The at least one first register outputs the first object data and the second object data to the first operation circuit.

22. The method of claim 21, further comprising:

The at least one first register obtains the first operation code from the comparison circuit and outputs the first operation code to the first operation circuit.

23. The method according to any one of claims 15 to 19, further comprising:

at least one second register, when the comparison circuit determines that neither the first target data nor the second target data is data in the first set, the acquired first target data and the The second target data is output to a second operating circuit, and the at least one second register is connected to the second operating circuit;

The second operation circuit performs a conventional multiplication operation on the received first target data and the second target data, and outputs a second result of multiplying the first target data and the second target data.

24. The method of claim 23, further comprising:

The data selector MUX takes the first result or the second result as the output of the matrix multiplier, and the UX is respectively connected to the second operation circuit and the first operation circuit.

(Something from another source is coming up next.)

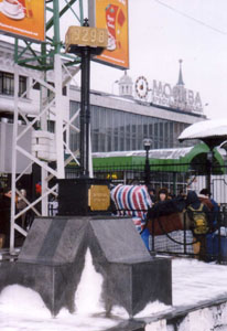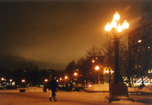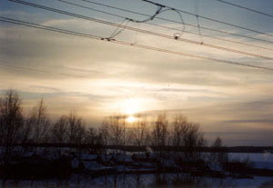 1/11/2002 シベリア鉄道 DAY 16 最終目的地点モスクワへ とうとう今日は、 この旅の最終目的地点モスクワに到着する‥‥。 4時半に起きて (なんで4時半きっかりに起きることが多いんだろう)、 頭が痛くて焦る。 もしや、これが、二日酔いというものなのか? まさかなぁ‥‥ヤバいなぁ‥‥と思いながら 無理矢理もう一度眠る。 7時半頃に再度起きると、けろっと治ってた。 午前中は色々列車内での最後の撮影をしている。 時間の経つのが遅い。 だんだんモスクワに近付くにつれて、 列車はスピードを落として走っている。 私は、何故かテンションが下がってきているのに気付く。 ずっと目指してきた場所でしょう? やっと日本に帰れる日も近付いたでしょう? 何故だろう、ってずっと考えていた。 結果、まず第一に、 イナカモードと都会モードの切り替えが 出来ていないという事。 シベリアに2週間いたせいで、 ビルや車などの光景に目が慣れていない。 文明に対する、身体の軽い拒否反応。 第二に、 モスクワ近郊に入ってからというもの、 窓から見える雪やビルなども景色も、 全体的に灰色が多くなってあまり綺麗ではなくなった。 線路沿いの木々も薄く、切り倒されているのが目立った。 雪も行き交う車のせいで東京のように溶けて べちゃべちゃしていそうだし。 第三に、 もうすぐ旅が終わる、さみしさ。 ‥‥これが案外一番大きいのかもしれない。 四六時中一緒だったこのクルーと離れてしまうこと。 クルーはもう次の仕事がすぐに控えていて、 次へと切り替えていくこと。 そして第四の理由‥‥ 曇り空に、飽きた。 (こんなことでは心の故郷ロンドンには住めないかしら。) 列車での最後のインタビューを撮影した。 素直にこの気持ちを言った。 でもそれだけ、 シベリアという広大な地区で教えられたことが 私にとっては重かったということだ。 列車から眺めるモスクワは、 全体的に、ロンドンのような灰色のイメージ、 でももう少し暗い。 いかにもモスクワらしいタマネギ頭の建物が ところどころに見えてくる。 車内最後の昼食を食堂車に食べに行く。 ロシアチームが夜呑んでいる間に いつのまにか仲良くなったらしい食堂車のコックさんが 私達のために腕をふるってくれるそう。 とにかくすごい量で、 ボルシチ、肉、ペルメニスープなど。 美味しかったぁぁ。お腹いっぱい。 クルーが最後の最後の撮影をしている到着までの間、 うたたねしたりしてまったりする。 まだブルーな気持ちを引きずっている。 ちなみに、到着一時間前からトイレは使えなくなる。 (ようは、通常は走りながらそのまま流していくので‥‥ 市内に入って速度を落とすと、 流せなくなるということ‥‥。) 15時頃、ついにシベリア鉄道最終駅モスクワ到着。 列車の中でなんとなく感じていた空白は、 駅の建物に 大きな「MOCKBA」(=モスクワ)の文字を見た瞬間に、 ゆっくりとお湯が染みわたるみたいに満たされていった。 あぁ着いたんだ、横断してきたんだ、この列車で。 長い長い列車を前から眺めながら、 じんわりとそう感じる。 荷物を抱えてホームいっぱいの人々に流されながら、 モスクワのあったかくて、湿っている空気を吸い込む。 線路の一番終わりに建つ、 シベリア鉄道9892キロの記念碑。 自分で自転車をこいでいるわけでもないので 達成感はそんなにないけれど、 この地点から線路が9892キロも ずーーーっと延びてウラジオストックまで繋がっている、 とイメージすると鳥肌がたつ。 しかし、記念碑で立ち止まっているのが大変なほど、 とにかくものすごい人の波。 これぞロシア‥‥! 渋谷のスクランブルなみ。 駅舎の中を通り抜けて、 人込みにまぎれ込んで歩いているうちに、 もう一人の都会の自分が戻ってきた気がする。 東京やニューヨークにいる時の、身体のリズム。 歩くリズム。 駅の外に出ると、 ニューヨークのPenn Stationとか タイムズスクエアみたいな感じがする。 イルミネーションやネオンがキラキラしていて、 人々が無表情に淡々と歩いてゆく。 大きなカメラで撮影が行われていても 好奇心の目を一瞬むけるだけで あまり動じずに通り過ぎてゆく。 広い道には、トローリーバスが走る。 クラクション、人々の足音、水がはねる音、 たくさんの人々の会話。 2週間聞いていなかった音が溢れる。 バスに乗って20分ほど走ってAerostarホテルへ。 なぜかエンヤの曲が頭をぐるぐる。 バスからの風景は、ニューヨークにも似ているけど、 もうちょっと地味な ニュージャージー州という感じかな‥‥。 車のせいで雪は汚いけれど、 暖か過ぎて溶けてしまっているようで 道路の端に若干残っている程度。 気温は、マイナス2℃くらい? シベリアの極寒で鍛えられた私達には、 コートいらないかな? っていうくらい暖かく感じられる。 バスから外を眺めている間に、 ゆっくりとスイッチが入った。 もう大丈夫もう大丈夫。 モスクワ、好きになれる。

25. The method of claim 21, further comprising:

When the comparison circuit determines that the first target data and/or the second target data are data in the first set, output an enable value of 1 to the at least one first register Signal;

The at least one first register outputs the first target data and the second target data to the first operating circuit, comprising:

The at least one first register outputs the first target data and the second target data to the first operating circuit according to the enable signal with a value of 1.

26. The method of claim 23, further comprising:

When the comparison circuit determines that neither the first target data nor the second target data is data in the first set, output an enable signal with a value of 0 to the at least one first register ;

The inversion circuit performs an inversion operation on the enable signal with a value of 0 output by the comparison circuit to obtain an enable signal with a value of 1, and outputs the enable signal with a value of 1 to the The at least one second register, the inversion circuit is respectively connected to the comparison circuit and the at least one second register;

When the at least one second register determines that neither the first target data nor the second target data is data in the first set, the acquired first target data and The second target data is output to a second operating circuit, including:

The at least one second register outputs the obtained first target data and the second target data to the second operating circuit based on the enable signal with a value of 1.

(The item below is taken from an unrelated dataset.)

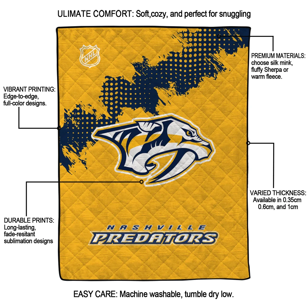 Nashville Predators NHL Shield Gold Quilt Blanket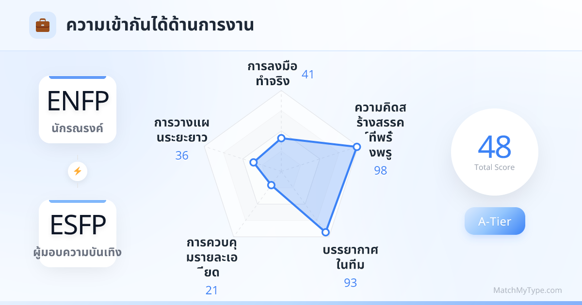 ENFP อย่าใช้คำอุปมาที่นามธรรมเกินไป ให้บอก ESFP ตรงๆ ว่า 'ต้องทำอะไร' ส่วน ESFP อย่าขัดจังหวะตอน ENFP กำลังร่างไอเดีย ให้ถามเพิ่มอีกนิดว่า 'ความหมายเบื้องหลังไอเดียนี้คืออะไร'

27. The method according to claim 26, wherein the negation circuit is a NOT gate.

28. The method according to claim 24, wherein the data selector MUX uses the first result or the second result as the output of the matrix multiplier, comprising:

After the MUX receives the enable signal whose value is 1, the first result is used as the output of the matrix multiplier; or

The MUX uses the second result as an output of the matrix multiplier after receiving the enable signal whose value is 0.

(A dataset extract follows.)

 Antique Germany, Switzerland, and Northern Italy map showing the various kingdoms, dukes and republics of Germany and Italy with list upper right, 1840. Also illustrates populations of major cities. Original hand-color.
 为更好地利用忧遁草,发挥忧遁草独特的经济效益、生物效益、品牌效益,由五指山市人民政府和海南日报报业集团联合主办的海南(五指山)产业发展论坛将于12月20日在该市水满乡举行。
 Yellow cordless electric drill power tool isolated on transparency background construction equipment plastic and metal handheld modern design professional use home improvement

29. A chip, characterized in that the chip comprises the matrix multiplier according to any one of claims 1 to 14.

30. A computing device characterized by,

at least one processor; and

at least one memory coupled to said at least one processor;

Wherein, instructions executable by the at least one processor are stored in the at least one memory, and the at least one processor is used to execute the instructions stored in the at least one memory, so that the computing device performs the The method described in any one of 15 to 28.

31. A computer program product comprising instructions, characterized in that, when the instructions are executed by the computer, the computer is caused to perform the method according to any one of claims 15 to 28.

32. A computer-readable storage medium, characterized in that it includes computer program instructions, and when the computer program instructions are executed by the computer, the computer executes the computer program according to any one of claims 15 to 28. method.